Kuan W-L, Hurelbrink CB, Barker RA. Increased capacity for axonal outgrowth using xenogenic tissue in vitro and in a rodent model of Parkinson's disease. Xenotransplantation 2006; 13: 233–247. © Blackwell Munksgaard, 2006

Abstract:  Background:  It has previously been proposed that grafted neurons may have the potential for more extensive axonal outgrowth in a xenogenic environment, and may thus possess a primary advantage over allografts in central nervous system repair and circuit reconstruction. In order to directly address this issue, fibre outgrowth from primary dopaminergic neurons was examined both in vitro and in vivo in an allogenic or xenogenic environment. A combination of species was used to circumvent problems relating to different gestational/developmental periods for such cells.

Methods:  In the in vitro experiments, axon length was measured over 2 to 14 days in cultures derived from either rat or mouse ventral mesencephalon (VM) tissue co-cultured onto either a monolayer of the rat Neu7 inhibitory cell line or fetal rodent cortical tissue. In the in vivo experiments, fetal rat or mouse VM tissue was transplanted into the striatum or substantia nigra of 6-hydroxydopamine-lesioned athymic rats. Amphetamine-induced rotations were observed for 3 months post-transplantation and the degree of graft-mediated neurite outgrowth was analyzed.
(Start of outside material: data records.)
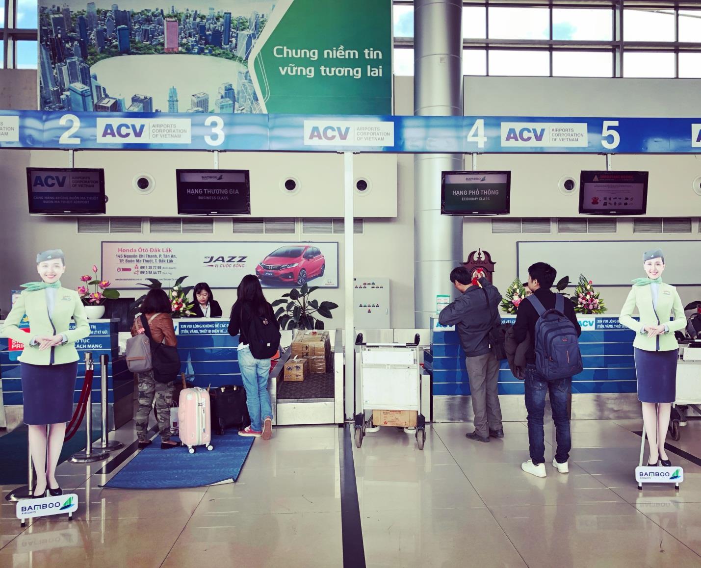 Các hành khách đầu tiên của Bamboo Airways làm thủ tục khởi hành đi Hà Nội tại Cảng hàng không Buôn Ma Thuột
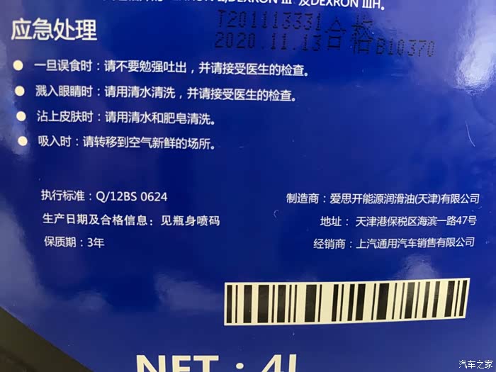 上汽通用汽车纯正配件,4L装的自动变速箱油。
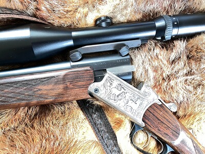 Neuwertige, wenig gebrauchte Blaser Bockbüchsflinte, mit Gravur "rehbock "
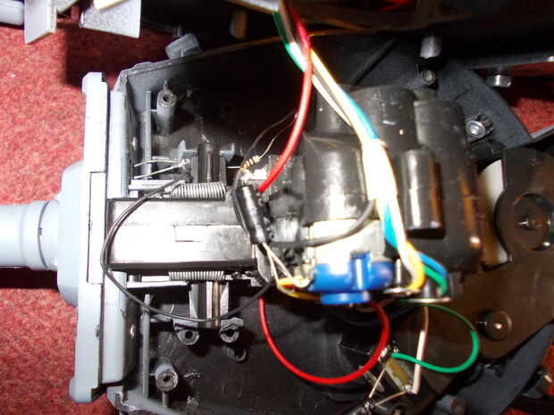 No verá mucho, solo el casco y el mecanismo de disparo fuera. Hay cinco tornillos que cubre el resto, toma hacia fuera y echar un vistazo en el interior. Se puede ver el LED que se ilumina al disparar, el resto del mecanismo de disparo, el mecanismo de elevación del cañón y algunos switches con cables.
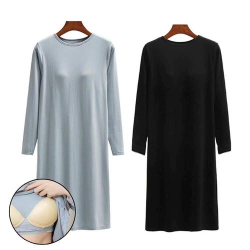 [에이치플러스몰]스타일 긴팔 데일리 라운드넥 원피스 노브라
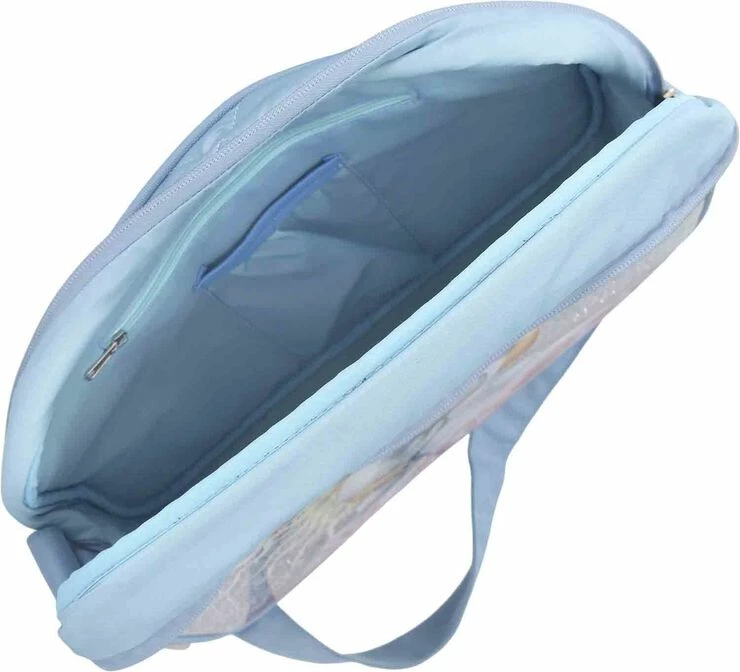 Smart og praktisk skuldertaske i flot isblå med yndigt TOPModel Iceworld design med nuttet baby isbjørn på metallisk glitter baggrund og med trendy quilt detaljer. Tasken har justerbar skulderrem og et stort rum samt en større frontlomme, begge med lynlåslukning.
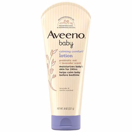 Aveeno Baby Calming Comfort Moisturizing Body Lotion with prebiotic oat & a relaxing lavender scent Made with lavender & vanilla scents, this bedtime baby lotion helps comfort & soothe your little one Calming baby body lotion with nourishing oat absorbs quickly & helps soothe delicate skin Formulate...more
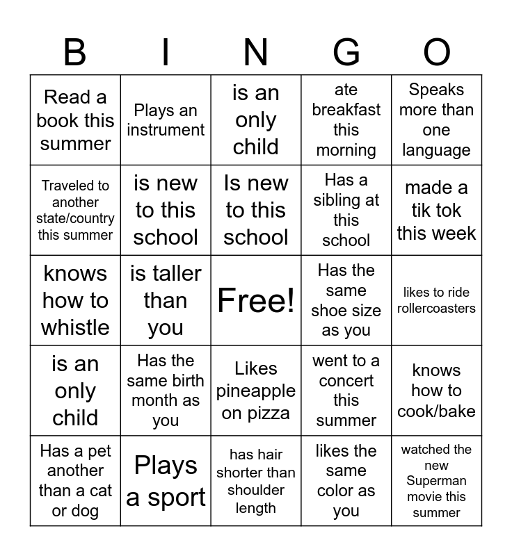 This bingo card has a free space and 24 words: Has the same birth month as you, Plays a sport, Is new to this school, Has a pet another than a cat or dog, Speaks more than one language, Read a book this summer, Traveled to another state/country this summer, Plays an instrument, Has the same shoe size as you, Likes pineapple on pizza, Has a sibling at this school, knows how to whistle, went to a concert this summer, knows how to cook/bake, is new to this school, likes the same color as you, likes to ride rollercoasters, is an only child, made a tik tok this week, is taller than you, watched the new Superman movie this summer, is an only child, ate breakfast this morning and has hair shorter than shoulder length.
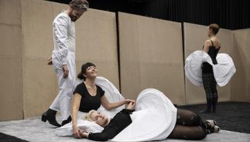 Skådespelarna övar sig i att bemästra krinolinerna. Vid premiären den 1 februari kommer de vara fullärda i denna konst!
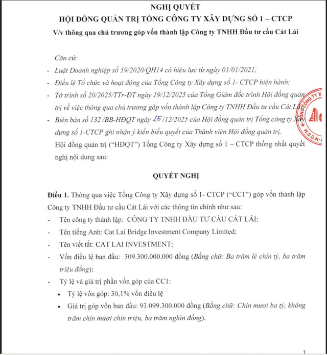 Đồng thời, CC1 cũng góp vốn thành lập Công ty TNHH Đầu tư cầu Cát Lái, vốn điều lệ 309.3 tỷ đồng. Trong đó CC1 góp 30.1% vốn, tương đương hơn 93 tỷ đồng.
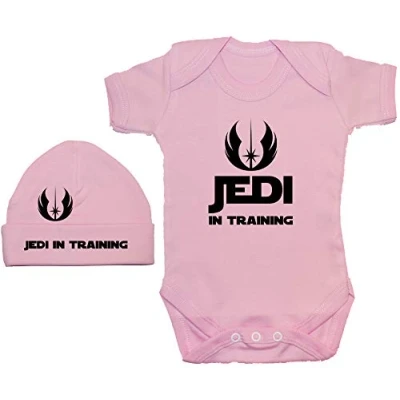 Acce Products Jedi in Training Baby Grow/Bodysuit/Romper/T Shirt & Beanie Hat/Cap 3 6 Months Pink
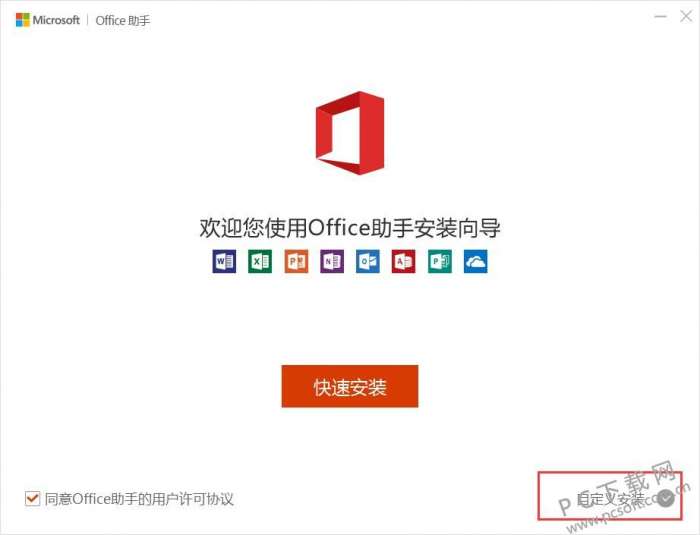 2、双击打开下载的exe文件,进入office2010安装界面,用户可以点击“快速安装”按钮选择默认地址进行安装,也可以点击“自定义安装”自由选择地址进行安装,这里建议选择自定义安装。
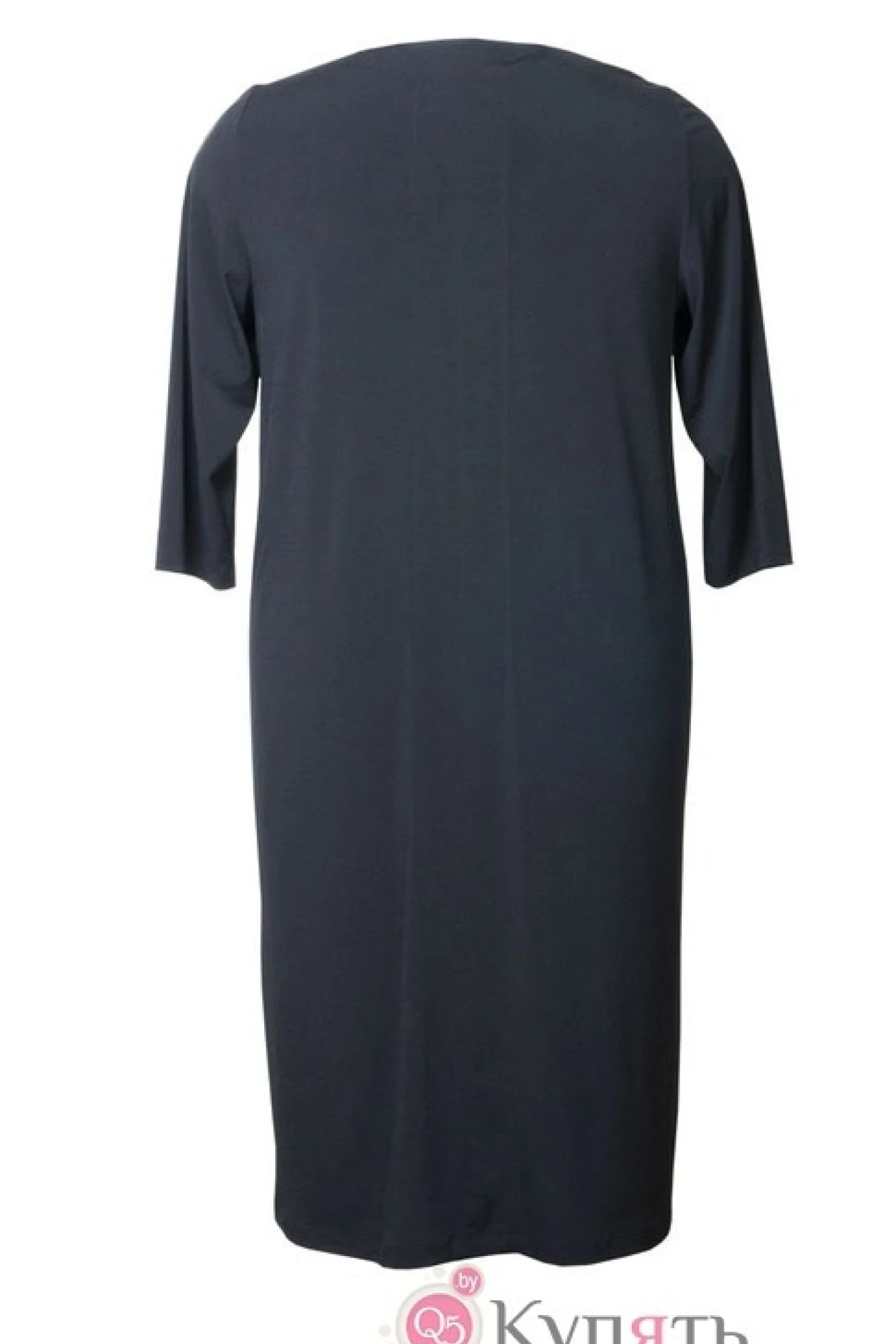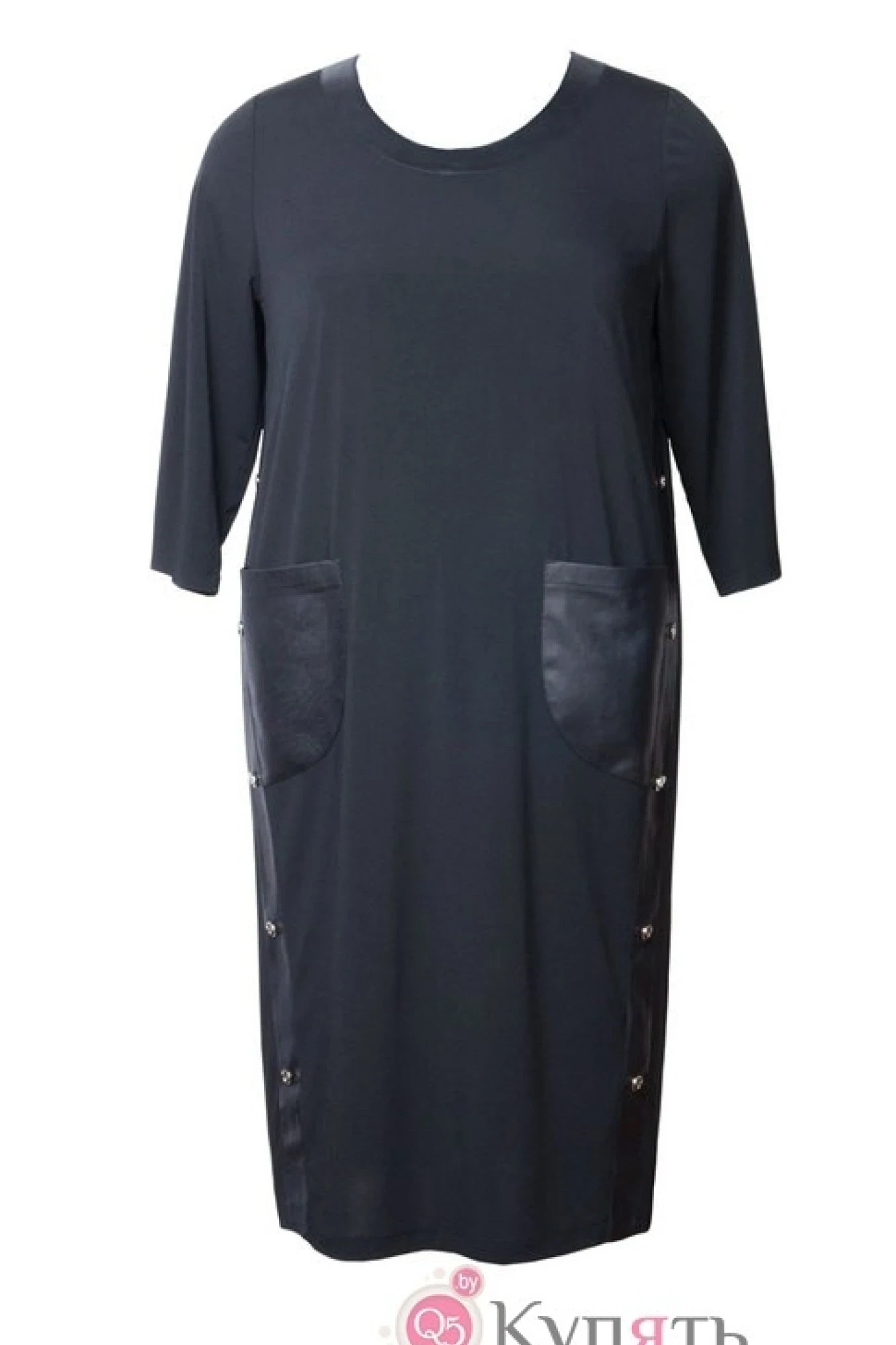 Отличный вариант повседневного платья, прямого силуэта с втачными рукавами ¾. Перед с отделочными притачными планками и накладными карманами из трикотажного полотна под кожу. Спинка со средним швом. Притачные планки декорированы пуговицами.

Results:  Embryonic VM manifested a greater capacity for neurite formation and outgrowth on xenogenic tissue, which was shown to be significant using co-cultures of cortical cells. The transplantation study showed that xenograft-derived fibres had a greater capacity for extensive fibre projection compared with those originating from allografts.

Conclusion:  Results from the present study provide evidence for the hypothesis that xenografts are less responsive to inhibitory molecules present in the adult host environment and as such can project over great distances. Thus neural xenotransplantation may have the potential for more complete circuit reconstruction within the damaged host brain than equivalent allografted tissue.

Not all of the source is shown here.